> **Task brief**
For the records below, output word for word the lines from the one with "Scream 4 - Large" up to and including the one with "Zachód słońca i". No pictures.
------ Material provided
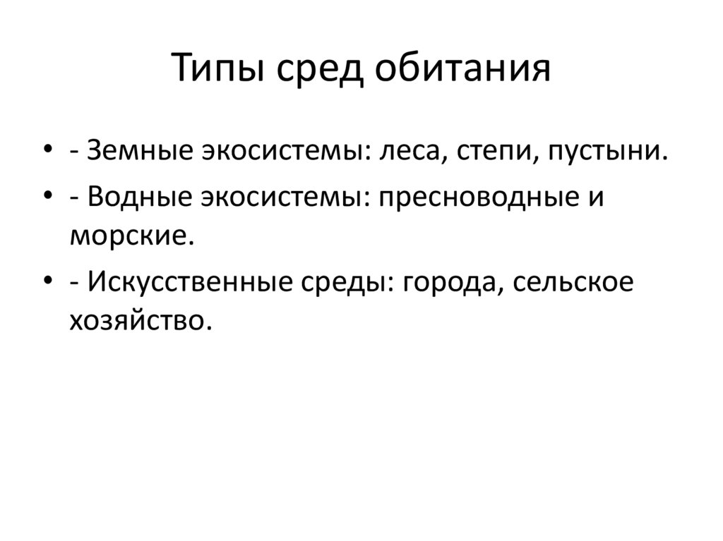 Типы сред обитания• - Земные экосистемы: леса, степи, пустыни.
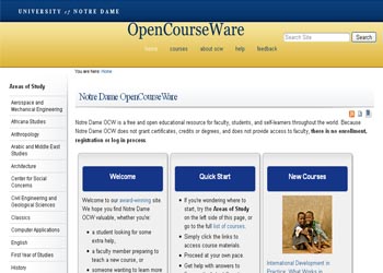 Notre Dame OpenCourseWare is an initiative by the University of Notre Dame to make materials from various courses freely available on the web. Launched September 30, 2006, Notre Dame's OCW program offers courses across two dozen of its departments, from aerospace engineering and classics to mathematics and theology. Each course includes a syllabus; others have class structure outlines.
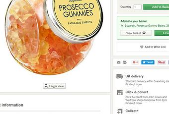 Le Prosecco Gummies risultano di fatto ancora in bella vista sul sito web SugarSin, ma risultano "out of stock": non disponibili. Chi invece continua a dichiarare di averne in magazzino è il department store John Lewis, una catena di grandi magazzini di vendita al dettaglio che può contare su una rete ben consolidata nel Regno Unito. Da Glasgow a Manchester, da Newcastle a Cambridge, senza dimenticare Cardiff, Birmingham e i tre megastore di Londra. Sul sito web della John Lewis ne risultano "more than 10 in stock". Proviamo allora a procede all'acquisto online, al prezzo di 6,50 sterline, lo stesso precedentemente praticato dalla SugarSin per un barattolo da 250 grammi di Prosecco Gummies. La consegna all'estero non è prevista e proviamo dunque a richiedere il ritiro in uno degli store della catena. Basta inserire l'indirizzo e il gioco è fatto. Alla modica cifra aggiuntiva di 2 sterline. Le caramelle taroccate al Prosecco ci sarebbero così costate 8,50 sterline. Quasi 11 euro, insomma, per 250 grammi di orsetti dal "delizioso sapore di frizzante/scintillante prosecco". Un affare, no?
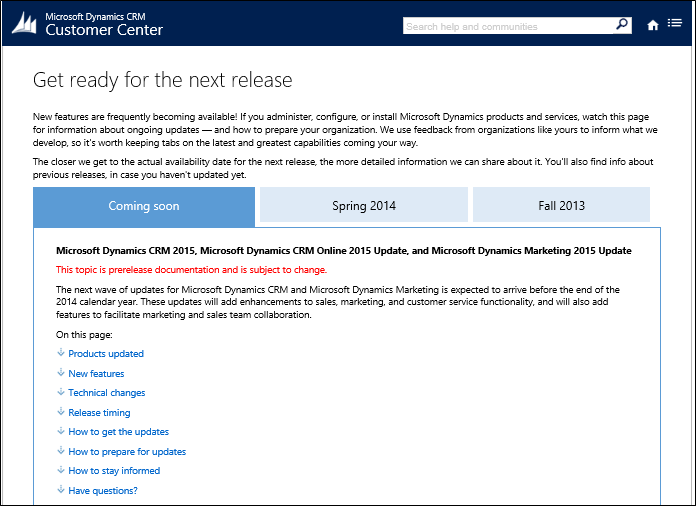 The Get ready page also covers release timing and tells you how to prepare for and get updates. You’ll also find information on the Spring 2014 and Fall 2013 updates if you’re updating from earlier on-prem versions.
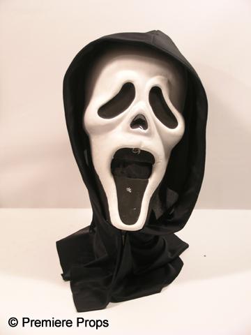 Scream 4 - Large Ghostface white and black styrofoam mascot style mask with hole on the top of the mouth with black hood. (approx. 16" long)
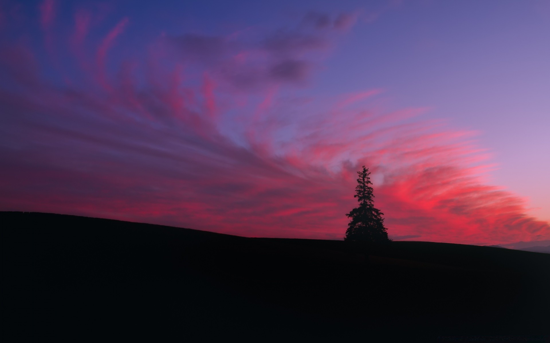 Zachód słońca i ciemne niebo z cieniem z drzewa
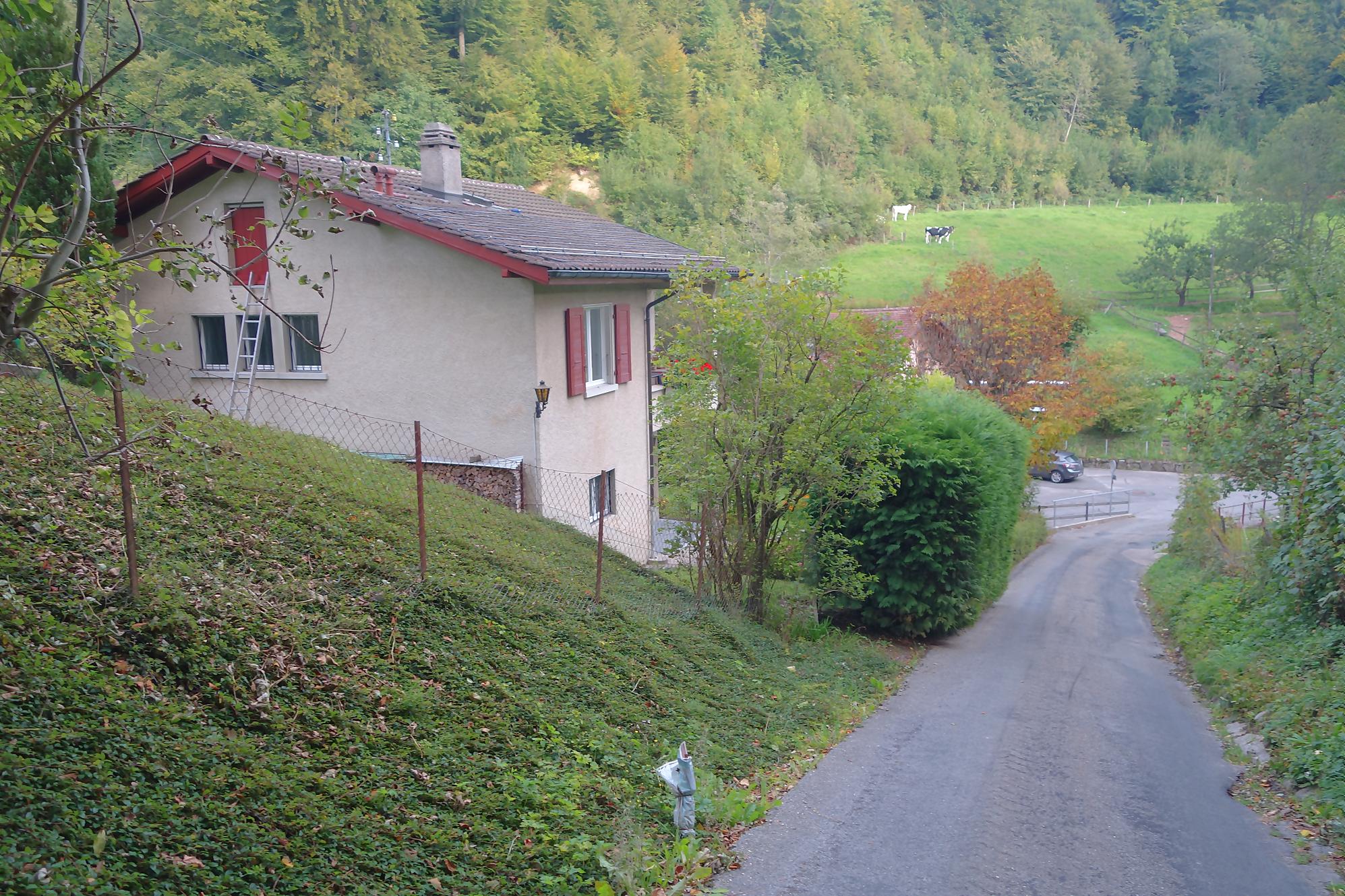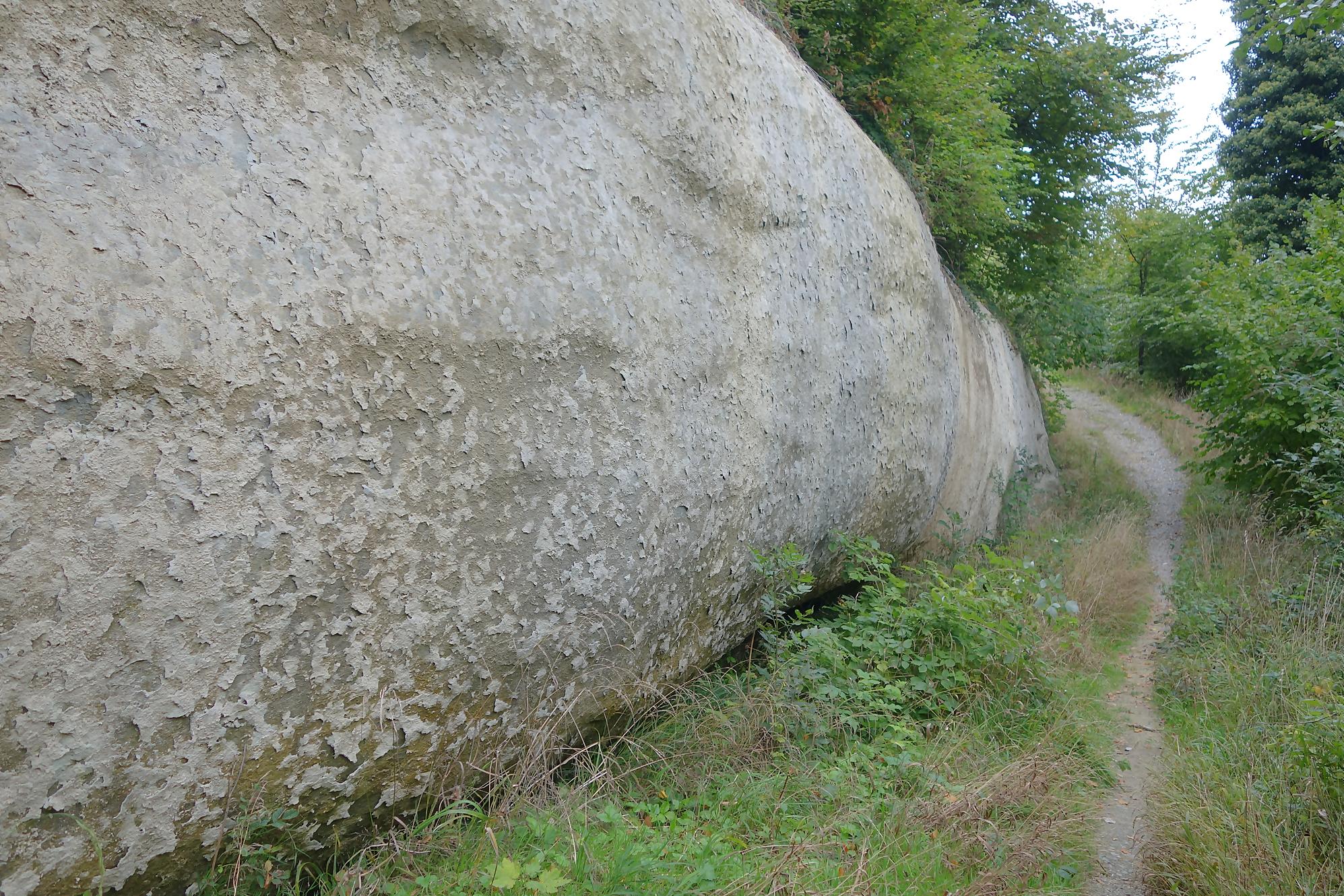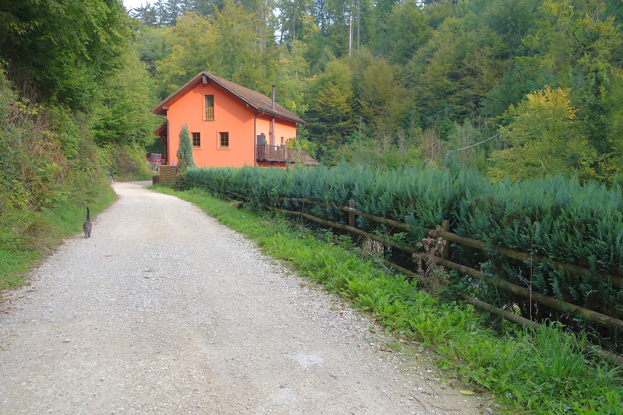 Vu la longueur à parcourir, je prévois un déplacement en transports public. Je quitte le métro à l’Ours. J’ai bien regardé à gauche et à droite, je n’ai point vu le plantigrade. Il faut traverser une petite partie de la ville, on se met du gazole plein les poumons. Puis on passe dans le Tunnel de la Barre avec sous vitres une exposition de plantes exotiques. Original. Puis enfin je quitte le bitume pour monter en forêt. Les panneaux pédestres n’éclairent que fort peu. Je passe devant le musée de la Fondation de l’Hermitage, me contentant de faire un bref tour dans le jardin. Je traverse une forêt dense où bien du monde se détend dont une troupe de scouts. J’avais pensé passer devant l’usine d’incinération Tridel, mais je fus inattentif et continue tout droit. Je croise deux dames et nous babillons comme des filles et grâce à elles je découvre une jolie cascade du Flon en plein dans le grès local, plus connu sous le nom de molasse (reste d’érosion sédimenté). Fort joli à ne pas rater (en passant par Tridel, on y passe).
------------
> **Output for this exercise**
 Scream 4 - Large Ghostface white and black styrofoam mascot style mask with hole on the top of the mouth with black hood. (approx. 16" long)
 Zachód słońca i ciemne niebo z cieniem z drzewa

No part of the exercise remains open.